Category Archives: Software Development

Performance Test Rating Criteria

TL;DR: Load and performance testing produces a vast amount of data. This data has to be interpreted and communicated. Because not every interested party speaks the same language, Xceptance developed a performance test rating and grading system. It evaluates response time, stability, and predictability and transforms three factors into a simple and communicable form. While doing that, it does not compromise on quality. It has been successfully used in more than 400 projects.

The Challenge

Load and performance testing is a key activity for making an online business successful. It validates that traffic and conversion expectations can be fulfilled. This of course applies to all kinds of Internet-based applications. Basically, as soon as there are expectations in terms of stability and performance, a test is mandatory to validate these. Expectations are usually set as requirements by different organizational groups such as sales, product management, engineering, and development teams.

Every group has a different understanding when it comes to results, goals, and success criteria. Some might be more concerned with the business impact, others are looking for technical implications of design decisions, and some just want to improve performance.

The group that is tasked with the evaluation of the requirements is faced with a very wide range of success definitions. In addition, it has to explain its technical measurements to all participating parties so that each party easily understands the state of testing.

Engineers rather look for detailed metrics including but not limited to the system behavior under test, while business-centric stakeholders just expect a clear yes or no. But performance testing typically does not deliver a clear result.

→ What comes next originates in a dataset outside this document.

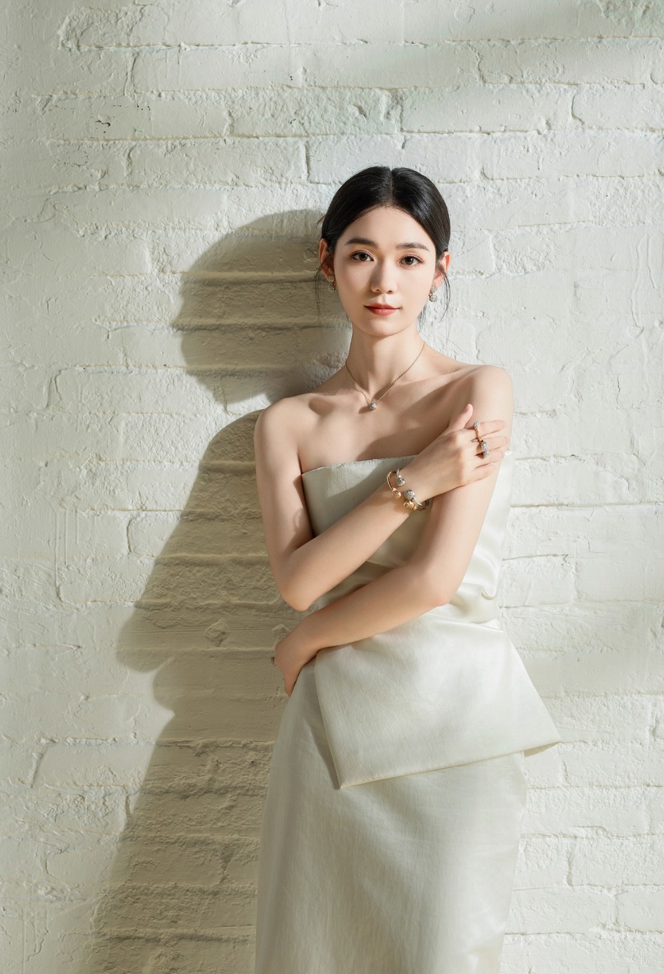 段奧娟白色抹胸裙赴約 緞光之上展純凈素雅

How can one reach all target groups without causing too much extra work to cater to all individual needs?

The Rating System

Xceptance developed a rating system that uses an American education system-like grading from A to F. The grades A to C symbolize a pass, while D and F are considered a fail. A grade B stands for an assumed average across similar customers and projects. It also stands for a good result. This leaves room in both directions to over or underperform.

Because performance results are not just shaped by response times, three factors are taken into account:

  • Response Times
  • Errors
  • Predictability

Before continuing a detailed discussion of the factors, this table explains each grade in one sentence. For the more ambitious customers, the A+ stretch goal was added.

Let’s talk about our three factors in detail now.

Response Times

To clarify one thing first, this is about server-side performance. It does not take the client-side rendering including the loading of any content or JavaScript execution into account. For this, Google Web Vitals provide an excellent scoring system. In addition, when you evaluate API performance, you might want to refine your performance expectations.

A response time typically defines the time from initiating a request to a server until the full response has been returned to the requestor. It is likely the most used number to describe performance.

Server response times are validated using percentiles. This number indicates what response time a certain amount of users experience at maximum. For the response time grading, the P95 value is used. That means that 95% of requests have been finished within that time or faster.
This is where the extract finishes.